Если не считать завываний компаньона, в зале было тихо. В преддверии праздника, Дня Большой Бойни, музей закрыли для посетителей. Над головой Планкета раскачивался на тросах скелет кита-горбача. Косые тени ребер пробегали из одного конца зала в другой и обратно. Каждый раз, когда эта бесплотная гребенка скользила по его спине, Планкет вздрагивал. Дело было не в неприязни к костям или китам – тени напоминали ему о Невероятной Карусели.
Впрочем, о Невероятной Карусели напоминали и разбросанные инструменты, и темные пятна вокруг масленки, даже в песне компаньона Планкету чудилась мелодия аттракциона. Стоило закрыть глаза, как он снова видел жадные языки пламени, лижущие бока заводных лошадок; пузырящуюся и лопающуюся краску… Планкет потратил на создание Карусели почти год, влез в сумасшедшие долги – огню же потребовалась всего пара часов, чтобы мечта обернулась грудой золы и оплавленного металла.
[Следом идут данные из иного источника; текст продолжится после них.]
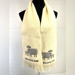 NEW ZEALAND 100% MERINO LAMBSWOOL! Ivory scarf with Mom & Baby Grey Sheep
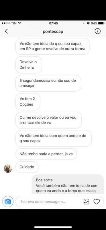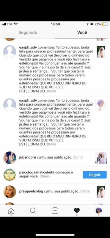 - Várias mensagens tentando desqualificar você e sugerindo que nada acontece porque você não tem bens no nome.
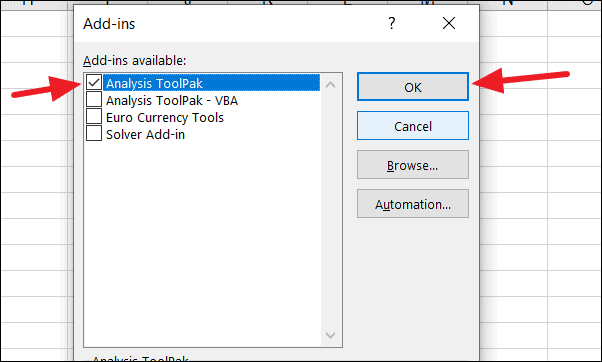 Step 5: In the Add-ins dialog box, check the box next to Analysis ToolPak and click OK to install it.
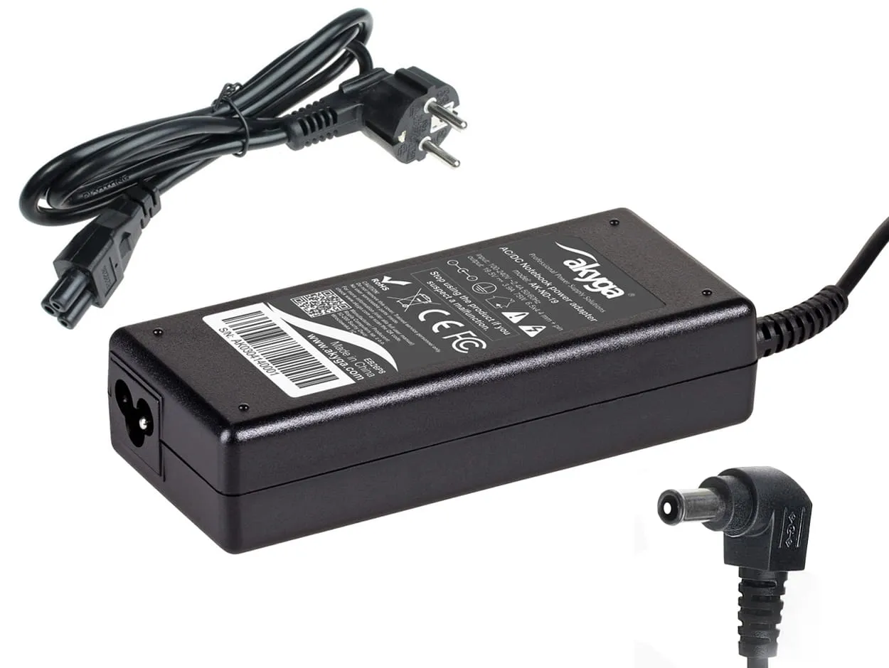 AK-ND-19 to zasilacz o mocy 75W, kompatybilny ze wszystkimi modelami laptopów zasilanymi prądem 19.5V i maksymalnie 3.9A, oraz z wtyczką 6.5*4.4mm + pin.
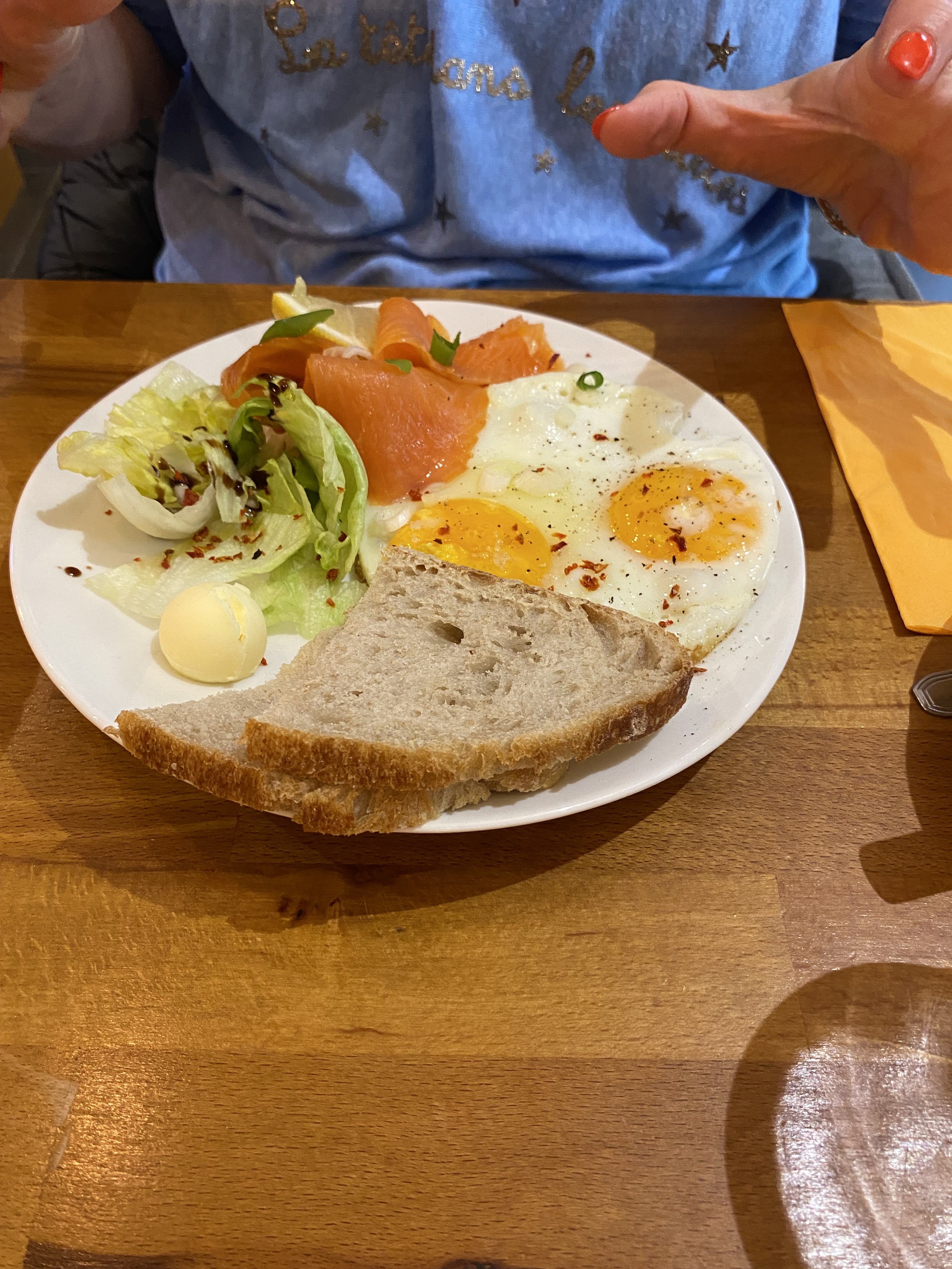 Très bons œufs et pancakes, bon café, lieu cosy et joliment décoré, mais service plus que moyen qui m’oblige à limiter le nombre d’étoiles… alors que nous étions avec un bébé (calme, heureusement), nos œufs n’ont été lancés que 45 minutes après notre arrivée… un oubli sans doute, on n’a pas trop su. En tout cas pas un seul mot pour s’excuser de l’oubli. Contraints de prendre un des plats à emporter à cause du retard, on nous l’apporte avec un « voila mais du coup il n’y a pas la boule de glace hein ». La cerise sur le gâteau c’est lorsqu’on nous demande en fin de service si tout s’est bien passé, que l’on répond (gentiment) « oui, mais on a un peu attendu quand même », et que la réponse est « ah bah oui il y avait du monde ». Non, il n’y avait pas de monde. Et toujours pas de « désolés ». La moindre des choses est de tenir compte de la gêne du client…

Все, что у Планкета осталось, – долговые расписки. По удивительному стечению обстоятельств они не соизволили сгореть вместе с аттракционом.
Теперь надежда только на «экспозицию»: если повезет с медведем, есть шансы получить заказ и на другие экспонаты, быть может, оживить музей целиком. Рассчитаться с долгами… Однако, пока удача и не думала поворачиваться лицом.
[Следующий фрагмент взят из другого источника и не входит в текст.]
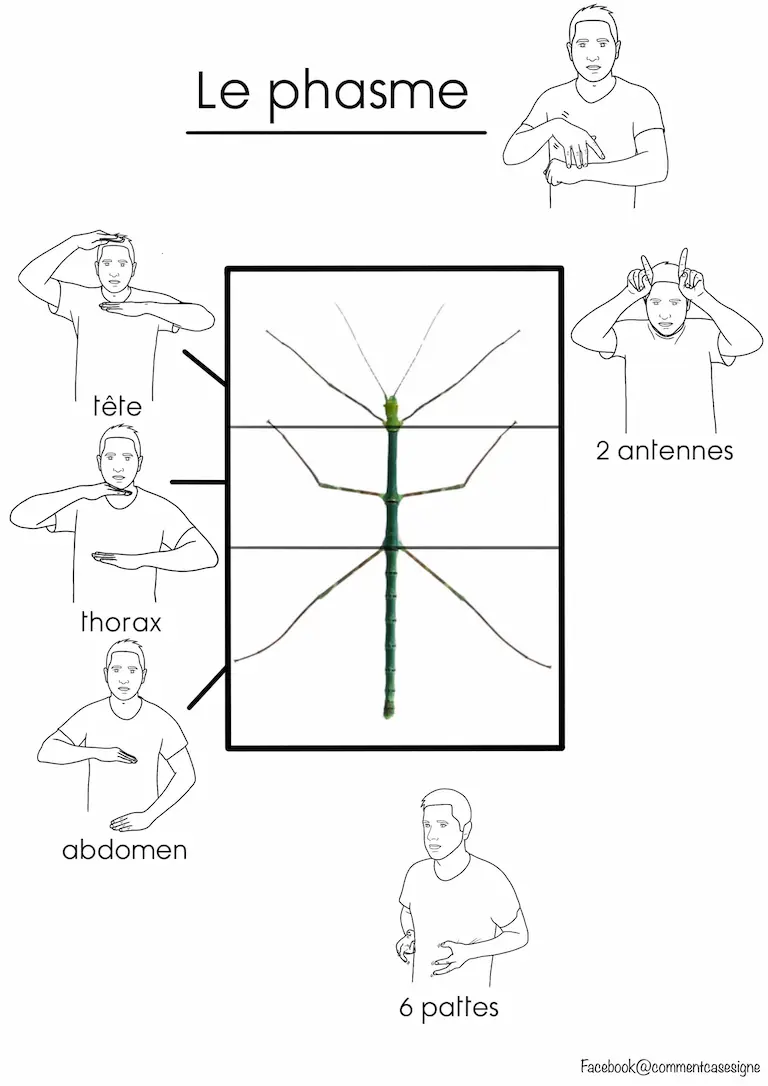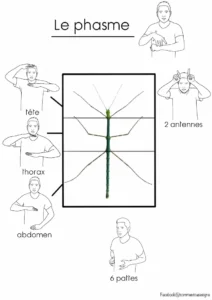 Description : Planche anatomique sur le phasme en LSF (Langue des Signes Française). Il permet de découvrir et de travailler le vocabulaire lié au phasme.
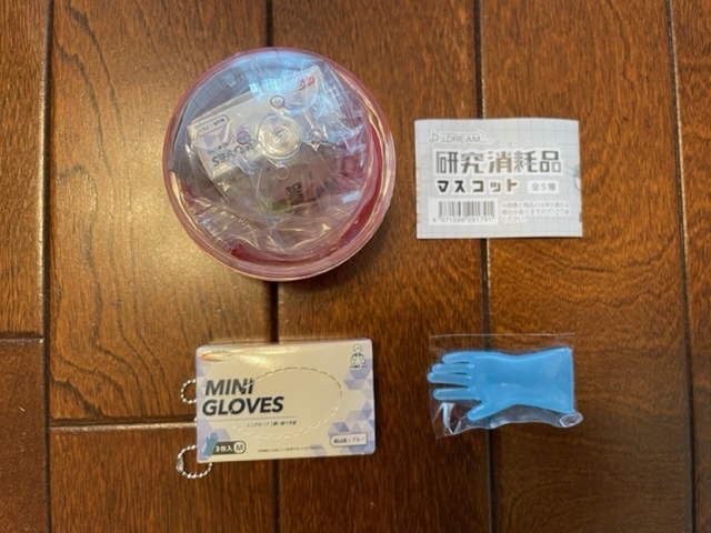 J.DREAMから発売の「研究消耗品マスコット」全5種のうち「使い捨て手袋(青)」になります。医療衛生品を忠実に再現した大変面白い品です。画像左のカプセル入りが提供品で、それ以外は私物(開封品)でサンプルです。手袋フィギュア3枚入りです。カプセル入り、内袋未開封、リスト付きになります。
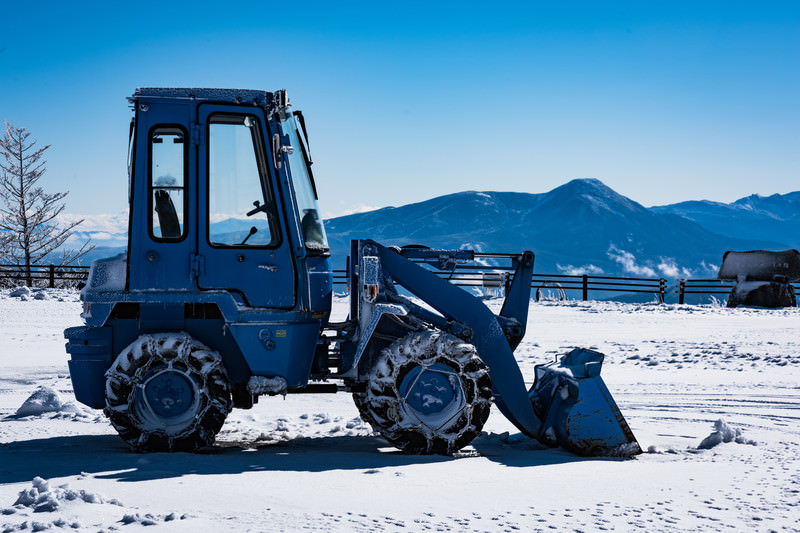 雪原に停車した除雪車の写真素材です。青空の下、雪に覆われた平原に青い除雪車が止まっており、タイヤとチェーンで雪道対応した様子が確認でき、背景には雪化粧した山々が連なっています。冬の道路管理や除雪作業の素材におすすめです。

– Но что же ты, Аделида, не даришь мне взгляда…
Рядом с масленкой лежала толстая книга в потеках, с рваной обложкой. «Охотничьи трофеи, их добыча, обработка и хранение» – на удивление занудное пособие по таксидермии для начинающих. Книга была тяжелой. Планкет едва сдерживался, чтобы не запустить ей в певца. Механик втянул голову в худые плечи, заставляя себя думать исключительно о шестеренках, но в стеклах очков медленно разгоралось пламя.
В противовес Планкету, его компаньон, Сайрус Фласк, был высок и толст. Черные волосы вихрами торчали во все стороны: прядка вверх, две прядки вбок – по схожей технологии вороны строят гнезда. Фласк никогда не пользовался расческой, – не столько от лени, сколько из страха: стоит роговым зубьям коснуться головы, как разряды статического электричества спалят шевелюру на корню. Его борода походила на ком пакли, измазанной дегтем, фрак лоснился на локтях, под воротником рубашки трепыхался мятый галстук-бабочка.
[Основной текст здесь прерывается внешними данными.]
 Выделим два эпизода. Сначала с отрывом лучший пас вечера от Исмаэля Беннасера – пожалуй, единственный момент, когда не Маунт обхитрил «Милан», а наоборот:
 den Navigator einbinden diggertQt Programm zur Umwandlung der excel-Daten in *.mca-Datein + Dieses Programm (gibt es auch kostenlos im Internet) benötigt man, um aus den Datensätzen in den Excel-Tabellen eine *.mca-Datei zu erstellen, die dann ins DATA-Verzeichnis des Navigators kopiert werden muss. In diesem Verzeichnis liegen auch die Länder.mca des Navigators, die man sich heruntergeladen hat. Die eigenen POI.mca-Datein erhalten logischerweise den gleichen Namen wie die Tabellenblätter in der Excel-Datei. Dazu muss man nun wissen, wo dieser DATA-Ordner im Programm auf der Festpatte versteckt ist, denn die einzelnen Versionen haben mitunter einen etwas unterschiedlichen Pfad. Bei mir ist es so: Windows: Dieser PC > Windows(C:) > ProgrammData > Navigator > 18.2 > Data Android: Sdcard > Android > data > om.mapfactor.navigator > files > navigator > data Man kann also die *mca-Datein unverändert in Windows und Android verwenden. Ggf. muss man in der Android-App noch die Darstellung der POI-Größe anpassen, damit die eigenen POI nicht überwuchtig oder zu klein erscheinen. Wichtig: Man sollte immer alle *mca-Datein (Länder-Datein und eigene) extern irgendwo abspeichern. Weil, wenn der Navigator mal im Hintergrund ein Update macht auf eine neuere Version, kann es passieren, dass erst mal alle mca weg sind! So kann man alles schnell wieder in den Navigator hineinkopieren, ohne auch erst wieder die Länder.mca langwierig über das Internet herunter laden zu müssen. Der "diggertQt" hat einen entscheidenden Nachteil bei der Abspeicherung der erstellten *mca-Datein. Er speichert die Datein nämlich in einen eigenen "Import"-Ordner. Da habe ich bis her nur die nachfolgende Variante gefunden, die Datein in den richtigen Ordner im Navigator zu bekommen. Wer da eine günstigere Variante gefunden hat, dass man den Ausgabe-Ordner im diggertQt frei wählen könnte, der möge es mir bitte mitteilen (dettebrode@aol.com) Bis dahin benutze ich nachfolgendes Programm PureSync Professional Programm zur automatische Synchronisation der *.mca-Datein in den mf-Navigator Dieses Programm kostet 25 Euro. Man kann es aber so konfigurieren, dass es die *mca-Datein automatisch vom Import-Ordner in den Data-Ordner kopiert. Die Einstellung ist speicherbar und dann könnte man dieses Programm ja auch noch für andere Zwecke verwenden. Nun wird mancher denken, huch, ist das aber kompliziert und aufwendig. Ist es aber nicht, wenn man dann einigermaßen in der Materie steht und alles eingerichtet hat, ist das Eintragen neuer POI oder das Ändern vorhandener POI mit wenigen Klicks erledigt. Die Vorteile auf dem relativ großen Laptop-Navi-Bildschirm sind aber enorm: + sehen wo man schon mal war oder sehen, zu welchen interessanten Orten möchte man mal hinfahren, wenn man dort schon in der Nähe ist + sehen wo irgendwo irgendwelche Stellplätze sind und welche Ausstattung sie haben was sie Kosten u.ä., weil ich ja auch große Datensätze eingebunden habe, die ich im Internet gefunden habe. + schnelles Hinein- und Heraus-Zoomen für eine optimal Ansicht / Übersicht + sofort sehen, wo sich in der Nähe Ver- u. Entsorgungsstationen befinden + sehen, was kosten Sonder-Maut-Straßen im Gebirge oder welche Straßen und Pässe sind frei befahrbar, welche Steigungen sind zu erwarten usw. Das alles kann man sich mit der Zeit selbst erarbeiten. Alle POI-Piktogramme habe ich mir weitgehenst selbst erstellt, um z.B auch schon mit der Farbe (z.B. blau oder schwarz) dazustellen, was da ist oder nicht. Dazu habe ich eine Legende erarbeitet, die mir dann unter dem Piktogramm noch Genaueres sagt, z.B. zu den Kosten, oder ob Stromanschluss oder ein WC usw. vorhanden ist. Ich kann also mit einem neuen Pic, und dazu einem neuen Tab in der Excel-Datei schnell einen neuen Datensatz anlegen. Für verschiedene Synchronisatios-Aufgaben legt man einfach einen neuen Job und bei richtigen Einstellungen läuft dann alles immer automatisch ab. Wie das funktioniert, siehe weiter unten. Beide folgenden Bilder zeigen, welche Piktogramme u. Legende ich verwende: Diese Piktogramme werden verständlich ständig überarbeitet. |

Певец с задумчивым видом прохаживался вдоль стеллажей с чучелами тропических птиц. Яркое оперение то и дело вспыхивало россыпью драгоценных камней, но Фласк был бесконечно далек от красот природы. Лишь на секунду он задержался перед чучелом тукана – уважительно кивнул на огромный клюв, но пения не прекратил.
– И страсть терзает мое сердце, гарпун любви его пронзает… Я спел бы дальше вам немного, но слов, увы, певец не знает…
Планкет с надеждой посмотрел поверх очков в спину компаньона. Голос у Фласка, надо признать, был отменный. Беда в том, что с чувством ритма у певца отмечались те же проблемы, что и с юмором.
– Но вспомнил я слова такие: любви моей отрада сердца открыла маленькую дверцу…
Терпение Планкета лопнуло. Он с размаху швырнул пинцет через весь зал и вскочил на ноги. В медвежьем брюхе что-то взвизгнуло, сорвавшаяся пружина отлетела в сторону.
– Когда же ты заткнешься, наконец?!
Фласк вздрогнул и величественно повернулся к механику. На широкое лицо осторожно наползло недоумение.
– Простите, друг мой, неужели вам не нравится? Я очень люблю эту арию из «Левиафана». Вы послушайте: Любовь сдвигает океаны…
– Замолчи, – прошипел Планкет. – Займись лучше делом, а не слоняйся, распевая свои якобы арии! Пока все чучела не решили сбежать отсюда куда подальше.
Фласк скривился.
– Какая замечательная шутка! Ее, кстати, можно углубить: представьте, если бы я пел на кладбище, то вы могли бы сказать, что сейчас вылезут скелеты и пойдут копать себе новые могилы! Ха-ха! Очень смешно.
Планкет старательно пересчитал позвонки на китовом хребте. Проблема была в следующем: Фласк прекрасно понимал, что поет плохо, но при этом страшно обижался, когда ему об этом напоминали. Человек гордый и самовлюбленный, он крайне болезненно относился к любой критике. Краем глаза Планкет взглянул на компаньона – щека Фласка дергалась.